This Week In Security: Scamming The FBI, In The Wild, And AI Security

If you’re part of a government alphabet agency, particularly running a program to share information to fight cybercrime, make sure to properly verify the identity of new members before admission. Oh, and make sure the API is rate-limited so a malicious member can’t scrape the entire user database and sell it on a dark web forum.

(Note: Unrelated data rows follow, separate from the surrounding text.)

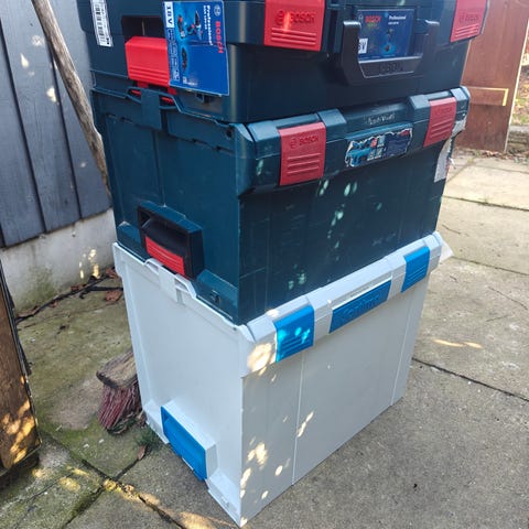 Raaco opbevaringskasser med indsatsrum i plast. Sættet består af kasser i blå plast med transparente låg og bærehåndtag. Indvendigt er der faste plastindsatser med flere rum, velegnet til sortering og opbevaring af smådele som skruer, beslag eller andre mindre komponenter. Kasserne kan stables og har låsemekanismer på forsiden. Velegnet til værksted, hobbyrum eller anden systematisk opbevaring af småting.
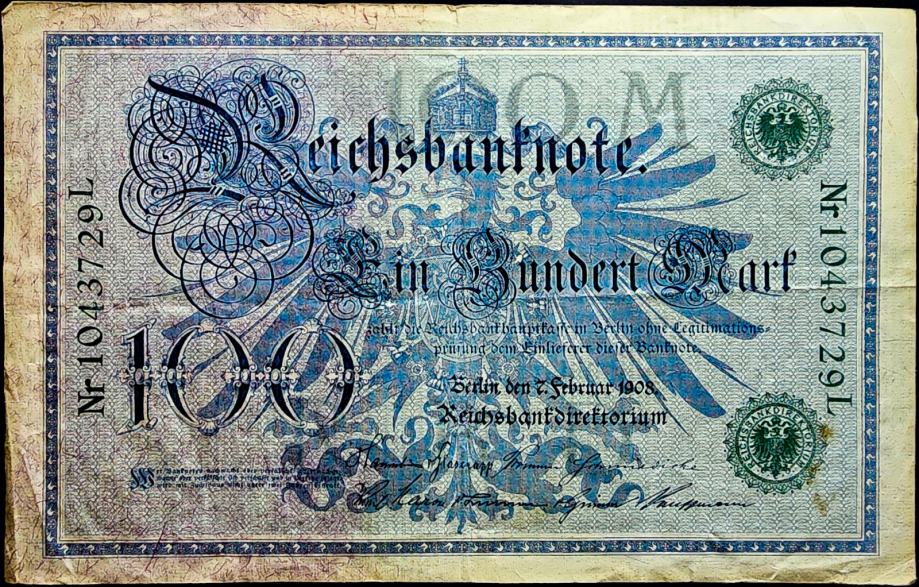 Novčanica: - GERMANY / NJEMAČKA (1908) 100 Mark - Zeleni zig
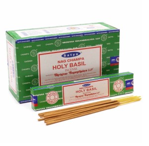 Kadzidełka Satya Święta Bazylia to naturalne kadzidło o charakterystycznym, ziołowym zapachu. Kadzidło to jest wytwarzane z wykorzystaniem mieszanki naturalnych składników, w tym żywic roślinnych, ziół i olejków eterycznych.
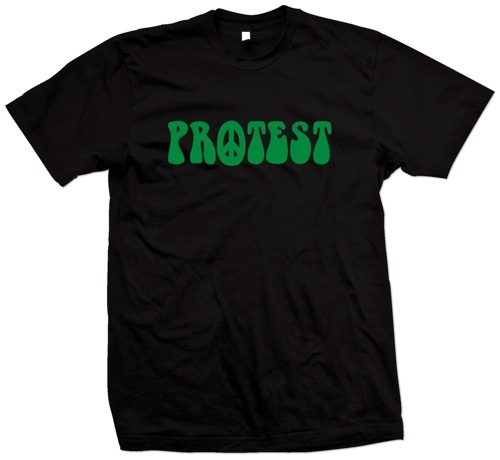 We have 3 standard T-shirt designs The Protest Peace, The Protest Fist, and The Protest Peace Sign on Tie-Dye shirts. And there’s also the option to customize your own T-shirt or hoody with some of our other special designs.
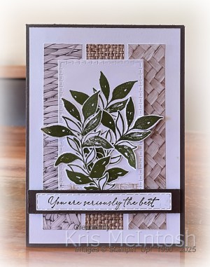 Today I have a card to share with you using the Textured Notes Bundle. I attached three strips of Woven Textures 12″ x 12″ Designer Series Paper to a Basic White panel. I attached the Basic White panel to scored and folded Early Espresso card. I die cut Basic White card using one of the rectangles from the Textured Notes Dies. I stamped the leaf image from the Textured Notes stamp set onto The Basic White die cut using Mossy Meadow ink. I stamped the same leaf image twice onto scrap Basic White card using Mossy Meadow ink and cut them out.
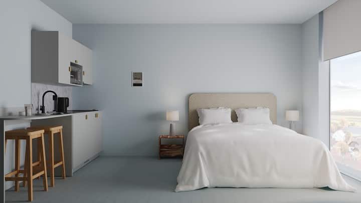 Cette chambre lumineuse et aérée de style studio comprend un lit super king avec tête de lit intégrée, un canapé et un bar pour le petit-déjeuner. Une kitchenette privée vous offre un réfrigérateur/congélateur, un micro-ondes, une plaque à induction et une machine à café, ainsi qu'une petite salle à manger. Il y a une coiffeuse avec sèche-cheveux, une armoire et un espace de rangement sous le lit. Votre propre salle de bain attenante vous offre intimité et confort, tandis que l’adhésion à la colocation et le petit déjeuner sont inclus.

Putting snark aside, this is exactly what has happened to the FBI’s InfraGuard program. A clever user applied to the program using a CEO’s name and phone number, and a convincing-looking email address. The program administrators didn’t do much due diligence, and approved the application. Awkward.

BSD Ping

First off, the good folks at FreeBSD have published some errata about the ping problem we talked about last week. First off, note that while ping does elevate to root privileges via setuid, those privileges are dropped before any data handling occurs. And ping on FreeBSD runs inside a Capsicum sandbox, a huge obstacle to system compromise from within ping. And finally, further examination of the bug in a real-world context casts doubt on the idea that Remote Code Execution (RCE) is actually possible due to stack layouts.

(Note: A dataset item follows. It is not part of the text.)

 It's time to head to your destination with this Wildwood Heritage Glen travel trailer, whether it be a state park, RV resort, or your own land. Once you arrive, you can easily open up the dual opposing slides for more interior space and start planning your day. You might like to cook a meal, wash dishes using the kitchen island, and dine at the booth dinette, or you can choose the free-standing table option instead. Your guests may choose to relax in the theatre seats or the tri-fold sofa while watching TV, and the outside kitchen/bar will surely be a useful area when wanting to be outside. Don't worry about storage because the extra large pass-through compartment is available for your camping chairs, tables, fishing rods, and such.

If someone messes up somewhere, go look if you messed up in the same or similar way somewhere else.

Sage advice from [Florian Obser], OpenBSD developer. So seeing the ping problem in FreeBSD, he set about checking the OpenBSD ping implementation for identical or similar problems. The vulnerable code isn’t shared between the versions, so he reached for afl++, a fuzzing tool with an impressive list of finds. Connect afl++ to the function in ping that handles incoming data, and see what shakes out. The conclusion? No crashes found in this particular effort, but several hangs were identified and fixed. And that is a win.

Citrix In The Wild

A vulnerability in the Citrix ADC (Application Delivery Controller), a load balancer for complex web applications, is being actively exploited. This one prompted the NSA to issue a PDF advisory, laying blame for the attacks at the feet of APT5, thought to be an Iranian actor.

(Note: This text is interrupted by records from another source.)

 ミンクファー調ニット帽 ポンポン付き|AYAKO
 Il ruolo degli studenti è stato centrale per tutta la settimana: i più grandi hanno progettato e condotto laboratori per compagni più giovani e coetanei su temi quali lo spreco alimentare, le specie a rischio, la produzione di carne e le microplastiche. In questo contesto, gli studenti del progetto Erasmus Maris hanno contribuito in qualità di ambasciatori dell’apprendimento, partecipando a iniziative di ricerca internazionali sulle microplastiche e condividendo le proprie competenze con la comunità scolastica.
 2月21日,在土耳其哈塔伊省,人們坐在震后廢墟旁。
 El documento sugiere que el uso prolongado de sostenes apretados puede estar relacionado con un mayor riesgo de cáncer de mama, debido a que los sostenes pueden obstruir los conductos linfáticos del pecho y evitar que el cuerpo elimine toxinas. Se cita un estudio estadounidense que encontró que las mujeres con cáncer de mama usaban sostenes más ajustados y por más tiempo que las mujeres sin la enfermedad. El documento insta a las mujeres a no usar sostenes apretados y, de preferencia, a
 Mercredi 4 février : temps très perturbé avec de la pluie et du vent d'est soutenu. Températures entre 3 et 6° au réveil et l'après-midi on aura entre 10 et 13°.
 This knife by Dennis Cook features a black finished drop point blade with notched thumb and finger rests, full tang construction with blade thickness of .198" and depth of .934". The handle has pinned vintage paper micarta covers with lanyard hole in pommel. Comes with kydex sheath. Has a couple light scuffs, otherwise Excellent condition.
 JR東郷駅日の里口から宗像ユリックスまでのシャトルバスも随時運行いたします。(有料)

The actual vulnerability is an old one, apparently quietly fixed a couple years ago. It has just now been discovered to be a serious problem, allowing a vulnerable device configured to do SAML authentication to be remotely compromised. Patches have now been made available for multiple vulnerable versions, and Indicators of Compromise (IoCs) have been published.

SPNEGO NEGOEX

That section header has strong Sneakers vibes, and my eyes keep trying to rearrange those letters into “Too Many Secrets”, but it just doesn’t fit. The “NEGOEX” refers to EXtended NEGOtation. “SPNEGO” is an acronym for “Simple and Protected GSSAPI Negotiation Mechanism”. And of course, GSSAPI is the “Generic Security Service Application Program Interface”. All that alphabet soup eventually boils down to a method to negotiate authentication protocols. The important bit is that by design, this protocol runs before any authentication takes place, and it’s accessible in a bunch of different services. SMB, RDP, SMTP, and even HTTP can expose SPNEGO negotiation. And of course, there was a critical security vulnerability in Microsoft’s implementation.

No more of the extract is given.